Alex Bryan, director of passive strategies research for North America at Morningstar Inc.

The ETF pick: Vanguard U.S. Dividend Appreciation ETF (VGG-T)

MER: 0.30 per cent

This U.S. dividend ETF would appeal to risk-averse investors for their TFSAs because it has a defensive strategy, Mr. Bryan says. The ETF, which focuses on dividend growth, screens for companies that have raised their payouts for 10 consecutive years. These companies tend to have durable competitive advantages and shareholder-friendly management teams, he adds. “The ETF should hold up a bit better during market downturns, but it may not keep up during a market rally.” As the ETF is still an equity investment, investors should also have at least a 10-year time horizon to ride out any volatility, he notes. Microsoft, Visa Inc. (V-N) and McDonald’s Corp. (MCD-N) are among the ETF’s top holdings. Since inception in 2013, the ETF has returned an annualized 14.80 per cent as of Oct. 31. This ETF, he says, is one of the cheaper dividend options.

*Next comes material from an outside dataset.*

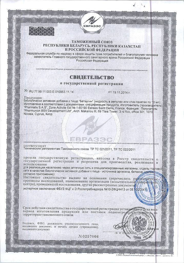 - Биоактивные вещества: аргинина цитрат, бетаин.

The ETF pick: iShares Core MSCI Global Quality Dividend ETF (XDG-T)

MER: 0.22 per cent

This global equity ETF would be attractive for investors seeking dividend income so it “would probably be better for someone who is closer to or in retirement,” Mr. Bryan says. “It is trying to deliver above-average yield, and I think it does that pretty well. …It is one of the cheaper dividend strategies available.” This ETF, which has a trailing 12-month yield of 3.20 per cent, also provides better diversification than a single-country fund, he adds. Top holdings include Procter & Gamble Co. (PG-N), Exxon Mobile Corp. (XOM-N) and AT&T Inc. (T-N). The ETF posted an annualized return of 6 per cent from inception in 2017 to Oct. 31. A source of risk for this ETF is its slight tilt toward value stocks that have been out of favour for the past decade – and that “can create a headwind for this type of strategy,” he says.